■ WORK INSTRUCTION
Pictures stay out; print the rest of the listing below exactly as it stands.

■ DATA BELOW
::::

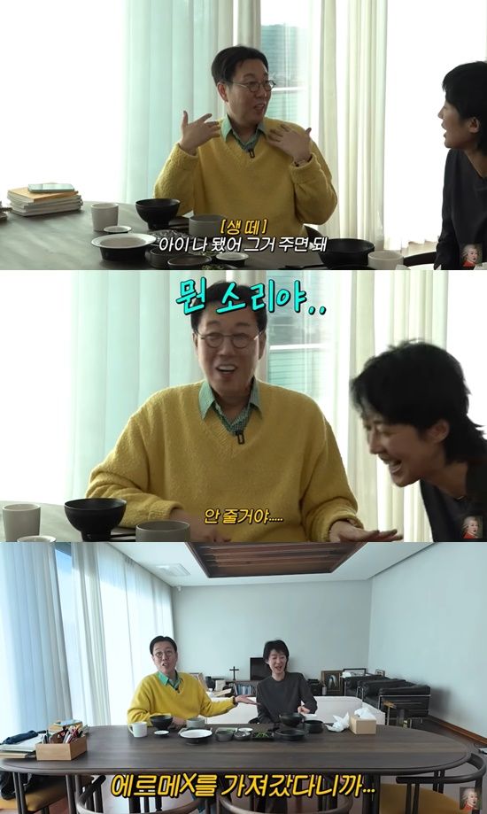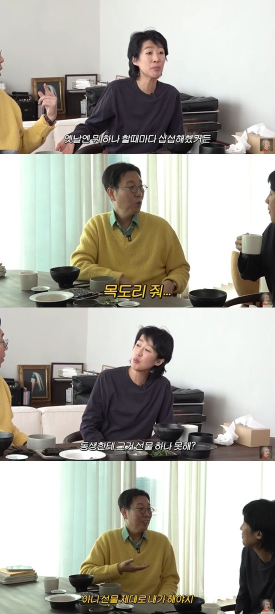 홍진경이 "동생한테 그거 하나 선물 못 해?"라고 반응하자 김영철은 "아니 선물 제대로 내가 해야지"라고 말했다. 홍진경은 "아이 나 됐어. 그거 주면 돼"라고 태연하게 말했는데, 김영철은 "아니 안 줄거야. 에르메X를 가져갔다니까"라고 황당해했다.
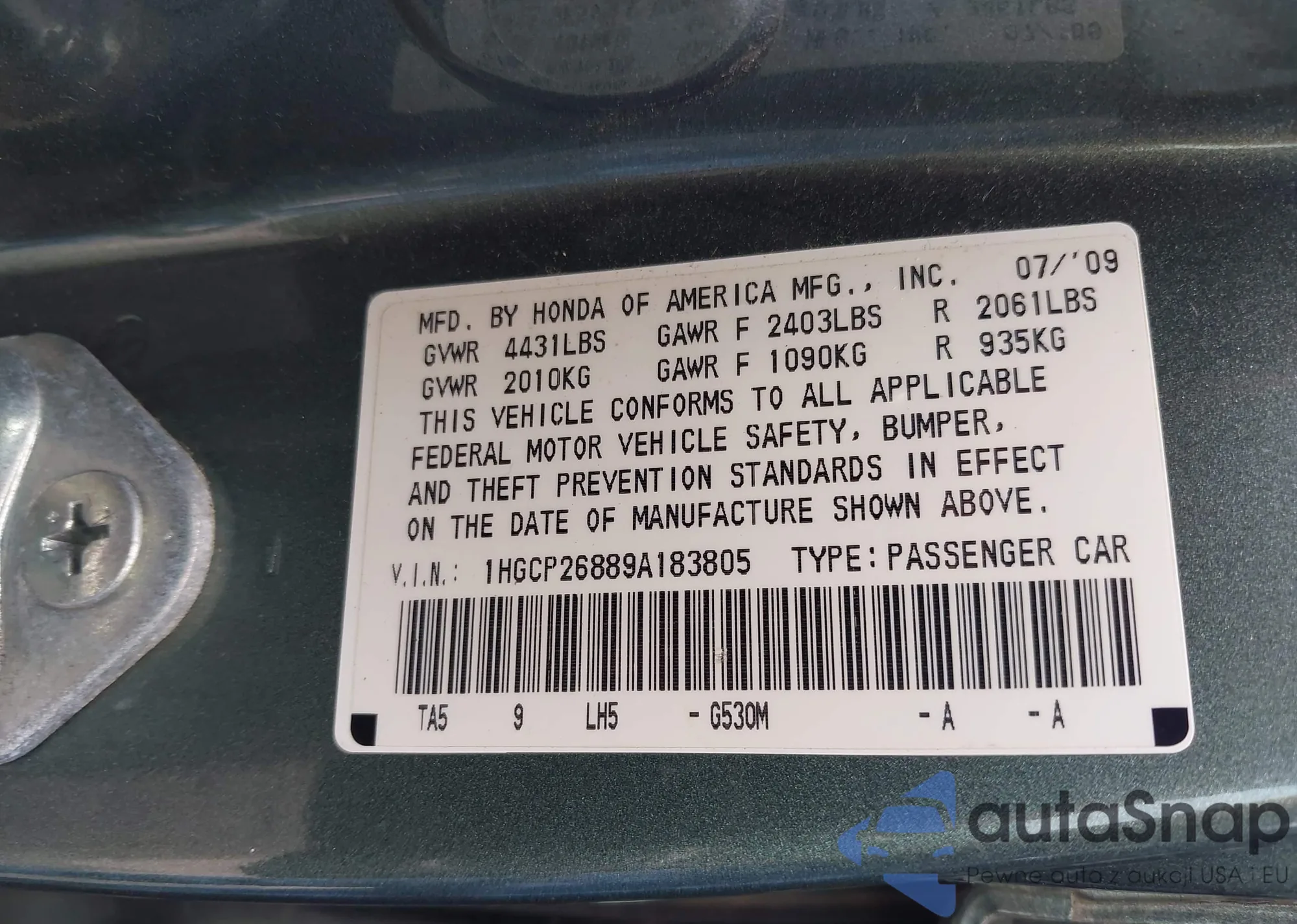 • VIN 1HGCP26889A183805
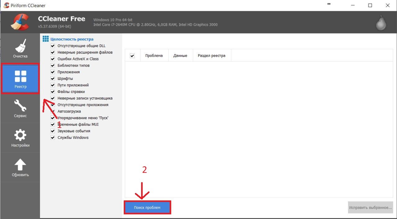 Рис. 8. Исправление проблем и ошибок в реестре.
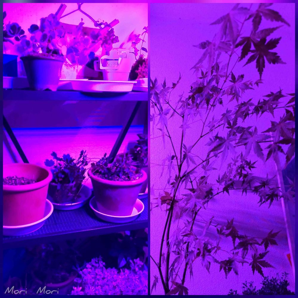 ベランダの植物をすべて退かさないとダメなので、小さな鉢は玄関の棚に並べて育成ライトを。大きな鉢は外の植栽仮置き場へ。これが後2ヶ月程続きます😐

::::

■ ANSWER TO THIS TASK
 홍진경이 "동생한테 그거 하나 선물 못 해?"라고 반응하자 김영철은 "아니 선물 제대로 내가 해야지"라고 말했다. 홍진경은 "아이 나 됐어. 그거 주면 돼"라고 태연하게 말했는데, 김영철은 "아니 안 줄거야. 에르메X를 가져갔다니까"라고 황당해했다.
 • VIN 1HGCP26889A183805
 Рис. 8. Исправление проблем и ошибок в реестре.
 ベランダの植物をすべて退かさないとダメなので、小さな鉢は玄関の棚に並べて育成ライトを。大きな鉢は外の植栽仮置き場へ。これが後2ヶ月程続きます😐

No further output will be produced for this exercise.